Parmi les clients, beaucoup d’habitués. Jérôme et Nathalie, 35 ans, confient «avoir eu du mal, au départ, à entrer dans le cercle car tout le monde se connaît». Dans le fumoir du club, le couple de trentenaires restent à l’écart d’un groupe de «chirurgiens» et d’«infirmières» en grande discussion, stéthoscopes en forme de pénis à la main. A l’étage inférieur, les clubbers se déhanchent sur le bar et abusent de la barre de pole dance sur des tubes de Rihanna. Nathalie et Thierry observent le spectacle de loin. Les deux quinquagénaires font partie des « piliers » du club Abxara : « On vient depuis l’ouverture, il y a quatorze ans. » A l’aise avec leur corps et leur image, le couple est le seul à accepter d’être photographié. «Nos cinq enfants savent depuis le début qu’on vient ici, assume Thierry, dépanneur d’équipements frigorifiques. On a préféré leur dire plutôt qu’ils l’apprennent autrement. On a même ramené nos filles majeures ici, mais c’est pas leur truc.» A la table voisine, Lolo, 43 ans, ne partage pas la même ouverture d’esprit : « Mes enfants ne sont pas au courant, c’est notre jardin de secret, confie-t-elle devant son mari Ted. Je ne me vois pas expliquer le libertinage à ma fille, elle n’a même pas encore démarré sa sexualité !» Alors le couple prétend qu’il «sort en boîte» pour justifier ses nuits loin du cocon familial… Comme beaucoup de couples libertins rencontrés à l’Abxara.

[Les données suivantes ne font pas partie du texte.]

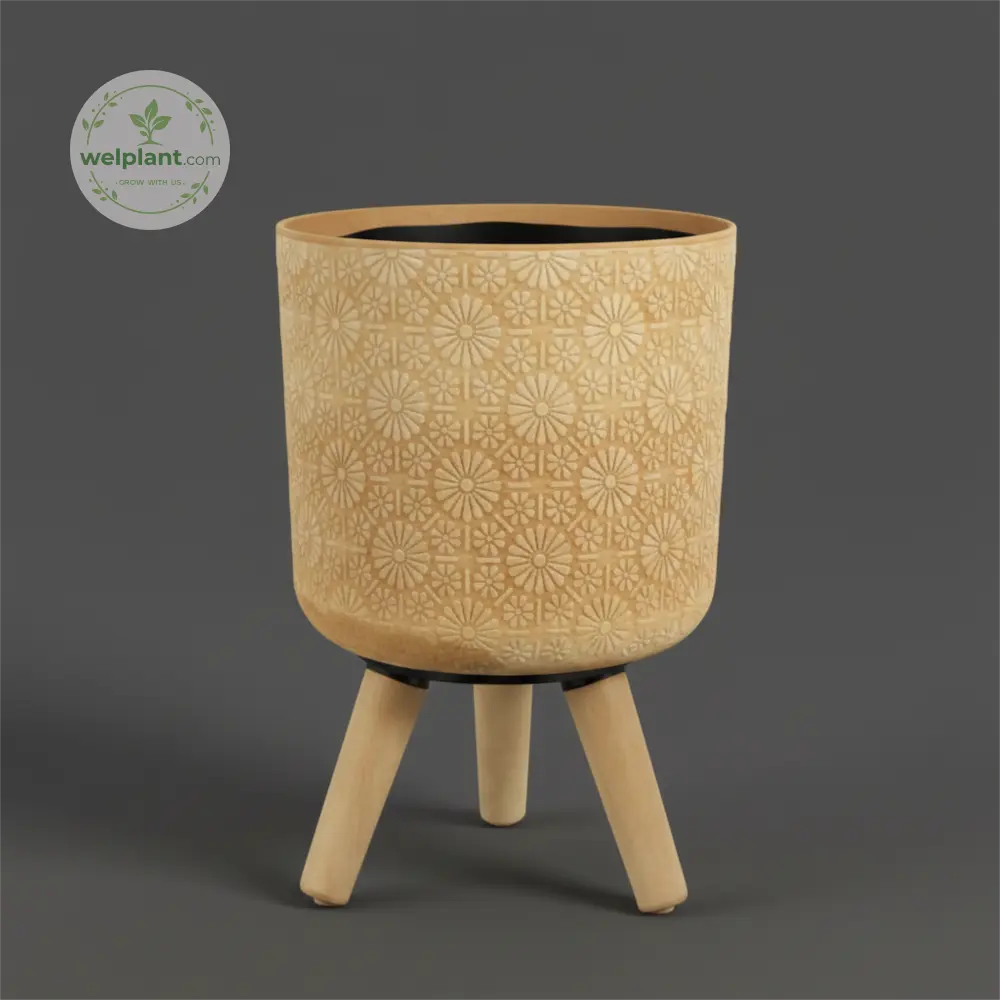 The HTP Series is made for people who love detail. Each pot has a beautiful, raised “Diamond Pattern” that looks like expensive wallpaper or carved stone. The deep forest green color gives it a natural and high-end feeling. You can choose the simple flat-bottom pot for windowsills, or the tripod wooden leg version to give your plants some extra height.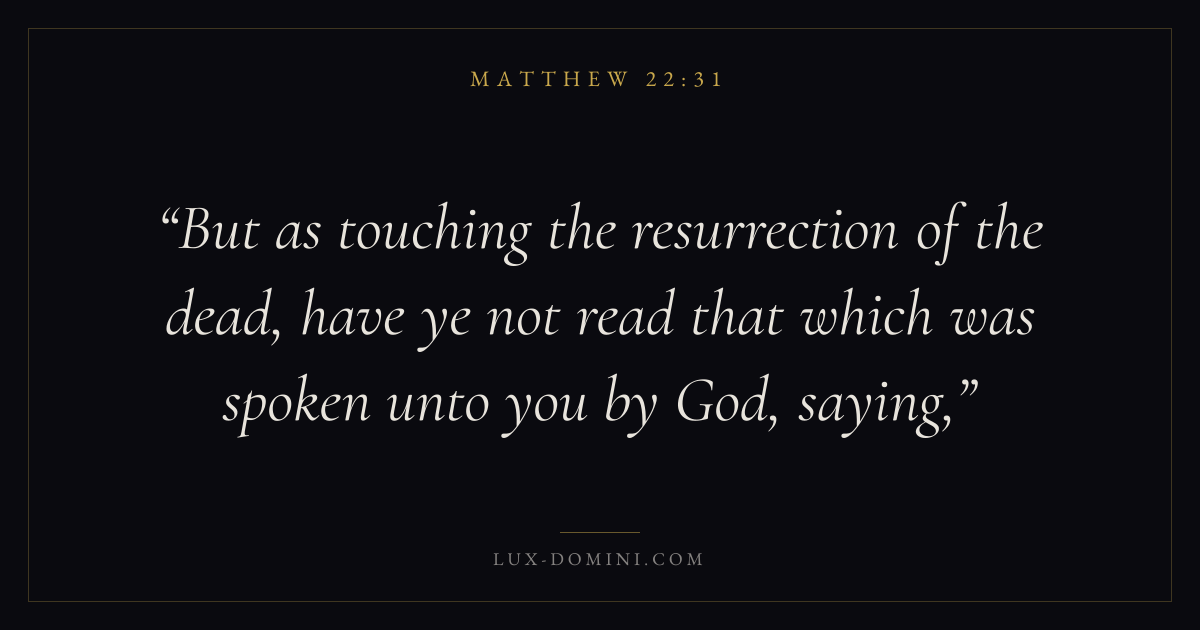 But as touching the resurrection of the dead, have ye not read that which was spoken unto you by God, saying,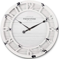 Presentime & Co 10" Farmhouse Series Wall Clock, Shiplap Style, Raised 3D Arabic Numeral, Antique Distressed White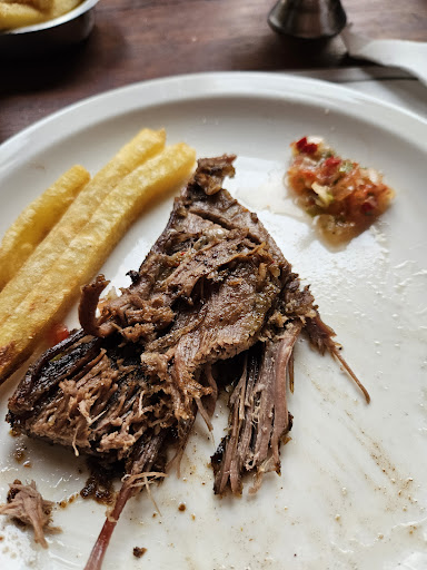 Read moreHervorragendes Preis-Leistungs-Verhältnis wenn man das empfohlene Tagesangebot vom Schild vor der Tür nimmt! Das Angebot für zwei Gäste wäre auch ausreichend für drei Leute, da auch noch Brot und Nachtisch gereicht wird. Mauricio ist der freundliche Gastwirt. Der Chef steht selbst gerne am Feuer und kümmert sich um das Asado. Die Angestellten sind jung, guter Laune, aufmerksam, sauber angezogen. Im Inneren des Gebäudes befindet sich ein großer Innenhof für Feiern. Der Hof ist Regendicht und lichtdurchflutet. Das Gebäude ist von 1870, zehn Jahre älter als die Basilka! Die Einrichtungen sind fast alle original. Aus einer längst vergangenen Epoche. Hier blieb die Zeit still. Früher war das Restaurant mit dem angrenzenden Hotel ein einziger Komplex. Jetzt ist nur noch eine Tür als kurze Verbindung vorhanden. Wir schauten uns hier gut um; im Restaurant, im Innenhof und am Feuer ist es sauber, aufgeräumt. Ein junger Mann von der Bedienung fällt harmonisch auf weil er Tanzschritte/ moves probiert, wenn er zur Theke geht. Alle Angestellten heben sofort hingefallenes auf, wenn etwas die Ordnung/ Sauberkeit stört, dann wird dies egalisiert. Zum Tisch kommen die Angestellten regelmäßig, fragen ob alles in Ordnung ist. Deutsche Gründlichkeit weil der Chef Nachfahre deutscher Einwanderer ist? Mauricio war selbst übrigens zwei Jahre in Berlin- Kreuzberg. Er ist ein großgewachsener, ausgeglichener, freundlicher Germane.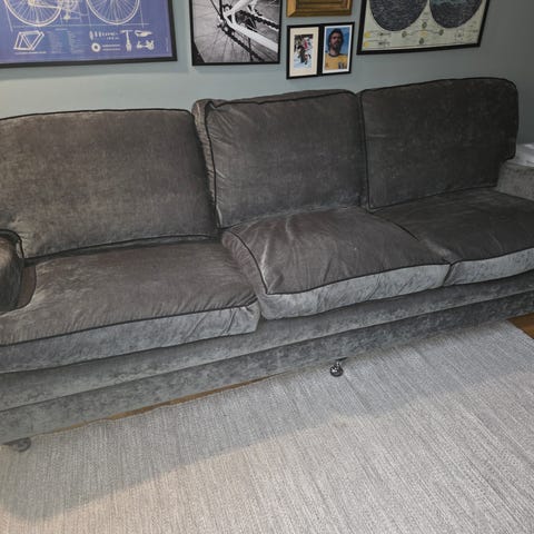 IKEA soffa skänkes mot upphämtning. Modellen verkar ha utgått men påminner om Söderhamn. Soffan har några fläckar i tyget på kuddarna som går att tvätta och ett av benen sitter något snett (inget som påverkar och borde gå att byta- se bild). Soffan har ett djup och höjd som gör den otroligt komfortabel.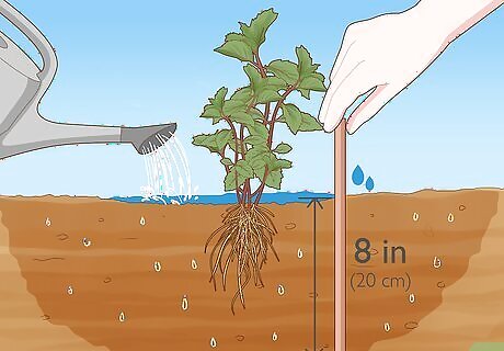 Soak soil to a depth of 8 in (20 cm) if you’re watering outdoor herbs. Use your garden hose with a shower head attachment or a watering can to water your herbs. Water the soil around the base of the herbs and avoid getting the leaves wet. Allow the water to form puddles and then let it soak into the ground. Poke the end of a stick into the soil to a depth of 8 inches (20 cm) to see if the soil feels damp. Watering to a depth of 8 inches (20 cm) ensures that all of the roots get enough nutrients.
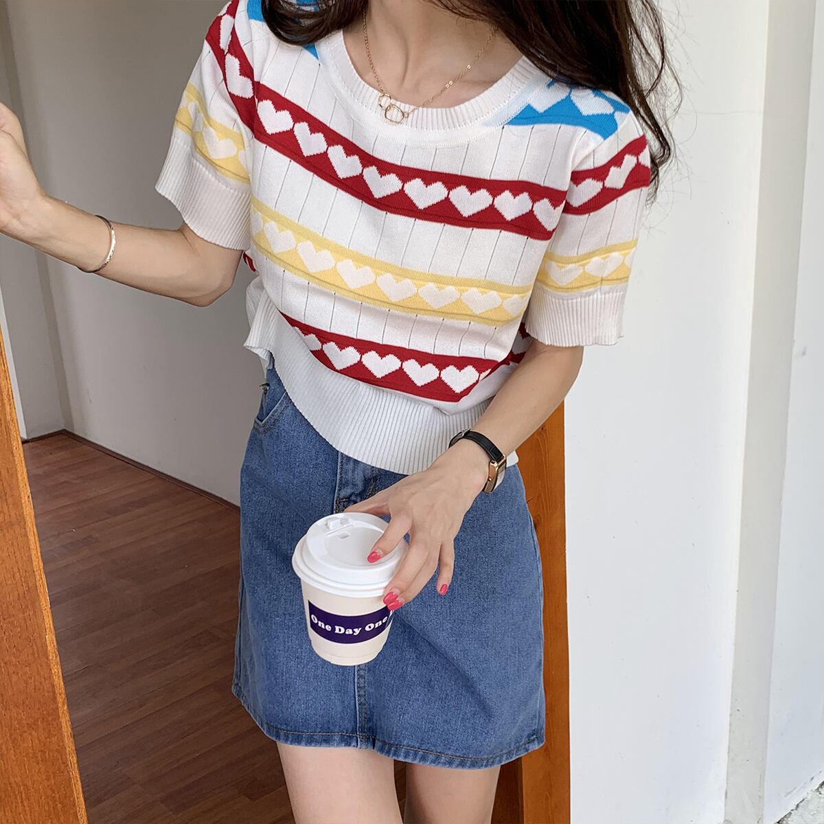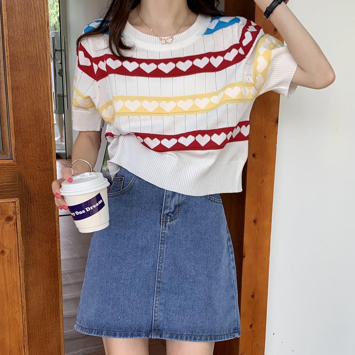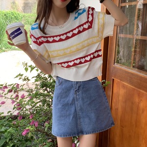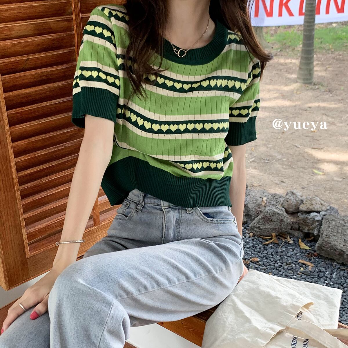 ニット レディースサマーTシャツ ジャカードルーズ薄手トップス 夏物 クレセントシティ2628497394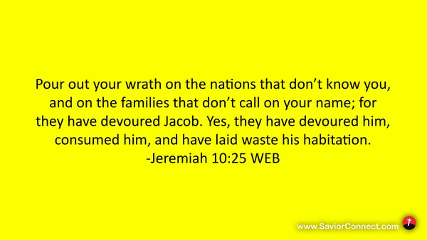 Pour out your wrath on the nations that don’t know you, and on the families that don’t call on your name; for they have devoured Jacob. Yes, they have devoured him, consumed him, and have laid waste his habitation. -Jeremiah 10:25 WEB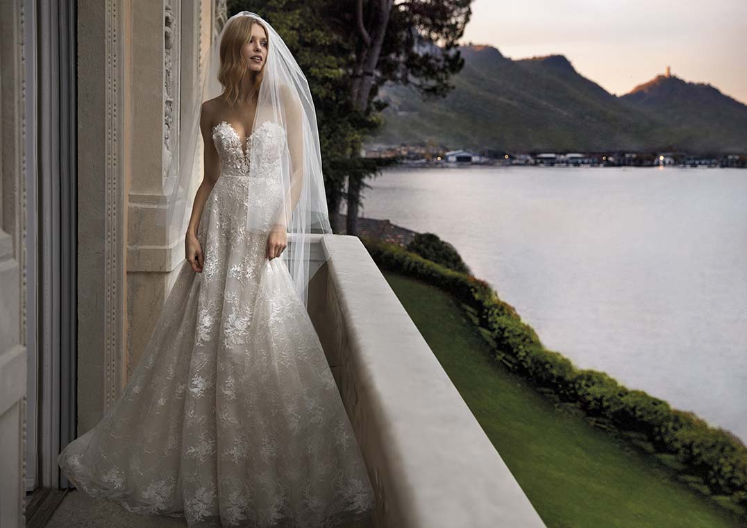 Une robe qui est compsée exclusivement de dentelles fine. Le décolleté bustier et le dos ouvert révèlent une féminité sophistiquée, parfaite pour une entrée inoubliable.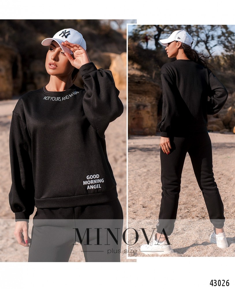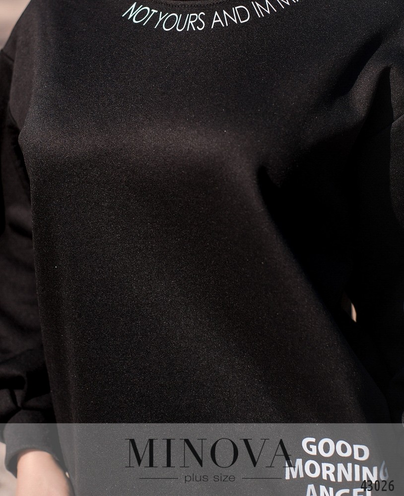 Оригинальная толстовка батал с принтом под вырезом горловины и на бедре. Епископские рукава, с мягкими манжетами. Застёжек и карманов нет.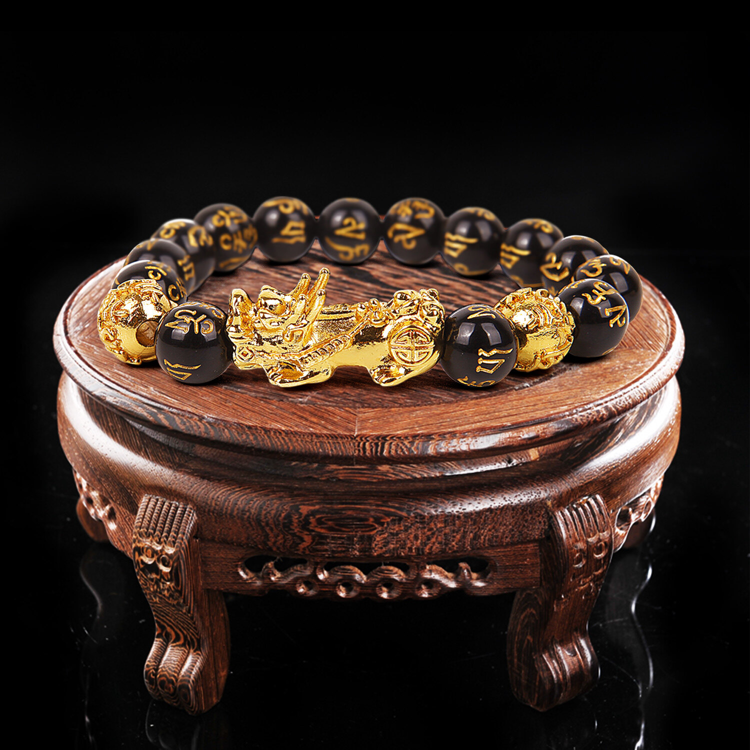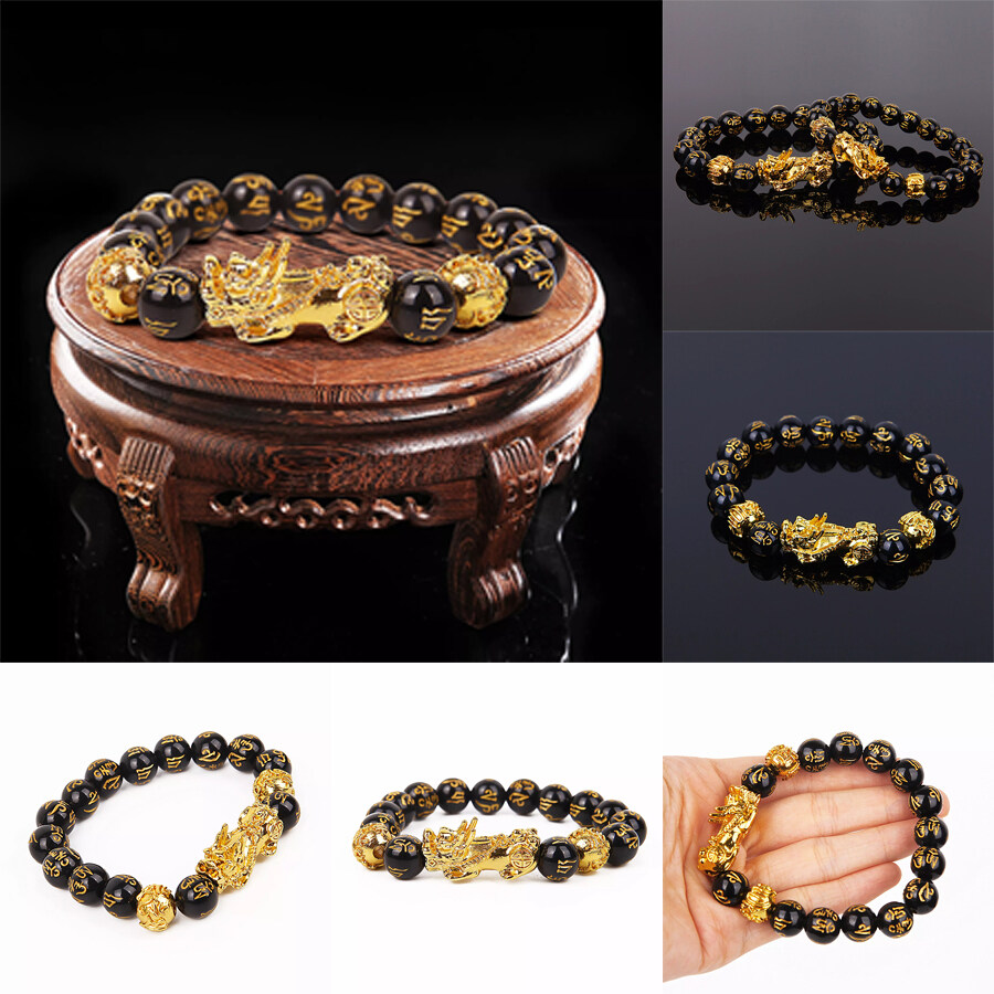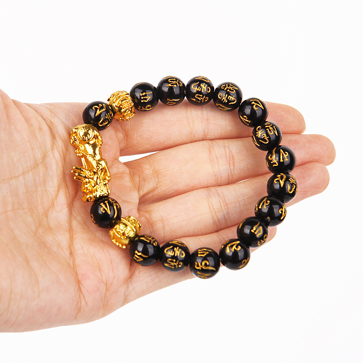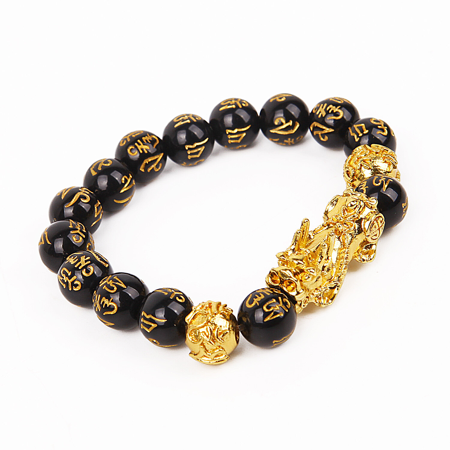 【PrettySet】 Lucky Gold PiXiu Bead Bracelet Feng Shui Prosperity Hand Carved Bead Jewelry Black Attract Wealth Bracelet S15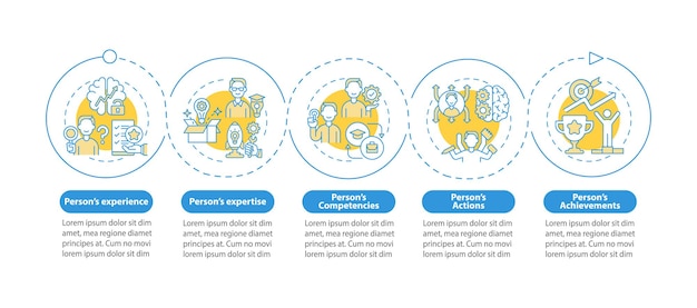 Mẫu infographic vector khái niệm vị trí xã hội. Các yếu tố thiết kế phác thảo bản trình bày vai trò cộng đồng. Trực quan hóa dữ liệu với 5 bước. Biểu đồ thông tin dòng thời gian quy trình. Bố cục quy trình làm việc với các biểu tượng đường thẳng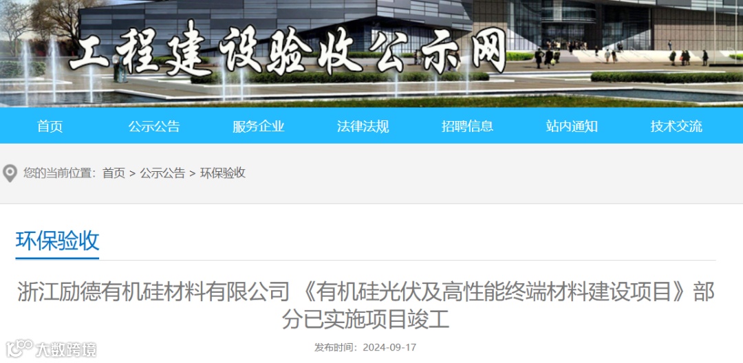 近日,工程建设验收公示网发布了浙江励德有机硅材料有限公司《有机硅光伏及高性能终端材料建设项目》已实施项目阶段验收监测报告、验收意见的公示。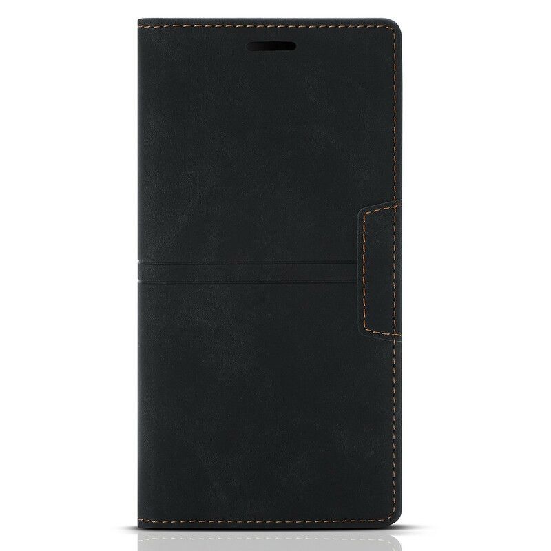 iPhone 13 Pro Max on erittäin hyvin suojattu tällä nahkatyylisellä läppäkuorella, jossa on näkyvät saumat ja magneettilukko.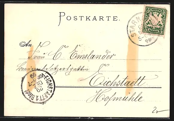 gelaufen 1899, rückseitig Klebe- und Papierreste, guter Zustand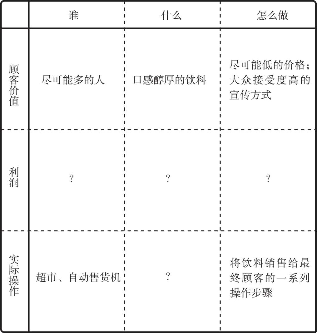 但是,B先生突然想起来,董事长要求他“采取与以往不同的商业模式销售这款饮料”,这也就是说要求B先生要创造一个全新的商业模式。想到这里,B先生不安地叹了口气,陷入一筹莫展的境地。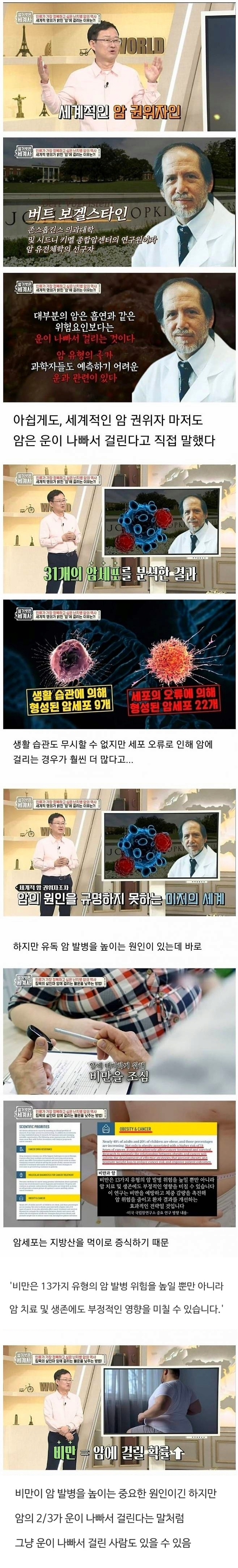 답댓글 작성자알싸한마라엽떡 작성시간 25.10.14 유전도 어느정도 맞말이긴 한게 암이 발생하는 이유는 유전자 변이가 일어나서 발생하는건데 우리 몸은 똑똑해서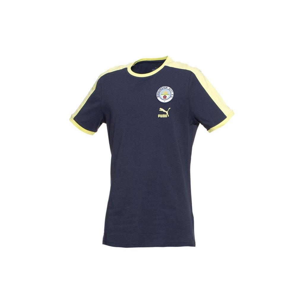 Puma 2022-23 Manchester City Color Block Embroidered Badge Crew Neck Short Sleeve Regular T-Shirt Men Tops Dark-Blue 769495-04

On a même ramené nos filles ici, mais c’est pas leur truc », Thierry, 53 ans

La discrétion a ses limites. Jérôme et Nathalie indiquent à leurs quatre enfants qu’ils «sortent en amoureux à l’Abxara. Ils savent ce que c’est, ils ne posent pas de question ». Vraiment ? Le couple ne leur a jamais expliqué ce qu’était un club libertin : « Il y a internet pour ça », glisse Jérôme entre deux bouffées de cigarette. L’intérimaire n’est pas le seul à esquiver les interrogations de ses enfants : « Je ne leur expliquerai ce qu’est l’Abxara que s’ils le découvrent », reconnaît Lolo, mère de quatre enfants. Discrets avec leur progéniture, les libertins de l’Abxara n’ont en revanche aucun mal à discuter échangisme avec leurs propres parents : «J’en ai parlé avec ma mère de 66 ans, elle est très ouverte, s’amuse Maryline, l’aide-soignante. Quand je lui ai dit que j’allais en club, elle m’a avoué qu’elle avait deux hommes dans sa vie en ce moment.» La quadragénaire a même appris que ses parents avaient pratiqué l’échangisme par le passé : «Mais ma mère l’a fait par amour, pour mon père. Les hommes sont des chasseurs.»

«J’étais complexée par mon cul»

Dans tous les couples rencontrés ce samedi soir, c’est l’homme qui a pris l’initiative du libertinage. «J’ai ramé pour la faire venir ici, se souvient Christian devant sa femme Fabienne. Après trente ans de mariage, c’est bien de connaître autre chose.» Même difficulté entre Jérôme et Nathalie : « Je n’étais pas d’accord, j’avais peur d’attraper une maladie », frémit la mère au foyer. Chez elle comme chez Betty, 45 ans, les clichés n’ont pas fait long feu : « Au début je ne voulais pas, se remémore la commerçante. J’avais l’impression qu’ici, les femmes étaient esclaves des hommes. Mais des amis de confiance qui étaient déjà venus m’ont convaincue. En fait, je suis complètement libre ici.» Et toutes les personnes rencontrées insistent sur une notion, le respect : «C’est le point fort du libertinage», pointe Thierry, libertin de longue date. «Avant de venir, j’étais complexée par mon cul, confie Lolo, la mère de quatre enfants. Ici, je me libère. L’Abxara est très convivial.» Une convivialité difficile à trouver ailleurs, et difficile à partager. «Les gens ont des préjugés malsains, justifie l’habituée. On garde tout pour nous.»

Le club libertin est donc un « jardin secret » bien gardé. « Il n’y a que notre médecin qui soit au courant, personne d’autre, concluent Betty et Nicolas. Parce qu’on fait deux tests de dépistage d’IST [Infections sexuellement transmissibles] par an, au cas où.» Le secret professionnel les protège depuis quatre ans déjà.